• _DATA PROVIDED_:

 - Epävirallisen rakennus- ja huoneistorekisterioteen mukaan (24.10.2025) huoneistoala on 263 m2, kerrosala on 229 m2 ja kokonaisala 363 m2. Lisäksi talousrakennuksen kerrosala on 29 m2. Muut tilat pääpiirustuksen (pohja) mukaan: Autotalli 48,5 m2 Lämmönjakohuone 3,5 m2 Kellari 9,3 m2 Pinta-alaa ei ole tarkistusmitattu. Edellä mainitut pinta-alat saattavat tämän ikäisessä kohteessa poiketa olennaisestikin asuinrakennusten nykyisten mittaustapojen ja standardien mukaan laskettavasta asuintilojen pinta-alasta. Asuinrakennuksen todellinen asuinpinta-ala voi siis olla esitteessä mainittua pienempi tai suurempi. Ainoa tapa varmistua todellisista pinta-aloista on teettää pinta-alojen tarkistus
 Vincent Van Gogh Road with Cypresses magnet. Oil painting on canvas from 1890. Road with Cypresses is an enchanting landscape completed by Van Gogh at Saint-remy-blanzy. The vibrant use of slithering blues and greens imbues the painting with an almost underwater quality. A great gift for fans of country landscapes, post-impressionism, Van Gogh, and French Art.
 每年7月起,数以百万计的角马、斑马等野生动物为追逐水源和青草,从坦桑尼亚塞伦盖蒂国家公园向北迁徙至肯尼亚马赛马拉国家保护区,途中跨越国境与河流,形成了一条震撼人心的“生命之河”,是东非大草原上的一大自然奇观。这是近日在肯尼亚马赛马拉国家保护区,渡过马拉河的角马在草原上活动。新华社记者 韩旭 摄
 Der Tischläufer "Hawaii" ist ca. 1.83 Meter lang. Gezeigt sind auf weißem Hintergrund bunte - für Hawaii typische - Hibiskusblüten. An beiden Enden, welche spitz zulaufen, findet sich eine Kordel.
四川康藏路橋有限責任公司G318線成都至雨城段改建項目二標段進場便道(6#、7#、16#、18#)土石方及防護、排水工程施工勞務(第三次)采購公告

• _EXERCISE GOAL_: Looking at the records above, please output exactly the lines that run from the one holding "sich eine Kordel." to the final line, and only those.

• _WRITTEN SOLUTION_:
 Der Tischläufer "Hawaii" ist ca. 1.83 Meter lang. Gezeigt sind auf weißem Hintergrund bunte - für Hawaii typische - Hibiskusblüten. An beiden Enden, welche spitz zulaufen, findet sich eine Kordel.
四川康藏路橋有限責任公司G318線成都至雨城段改建項目二標段進場便道(6#、7#、16#、18#)土石方及防護、排水工程施工勞務(第三次)采購公告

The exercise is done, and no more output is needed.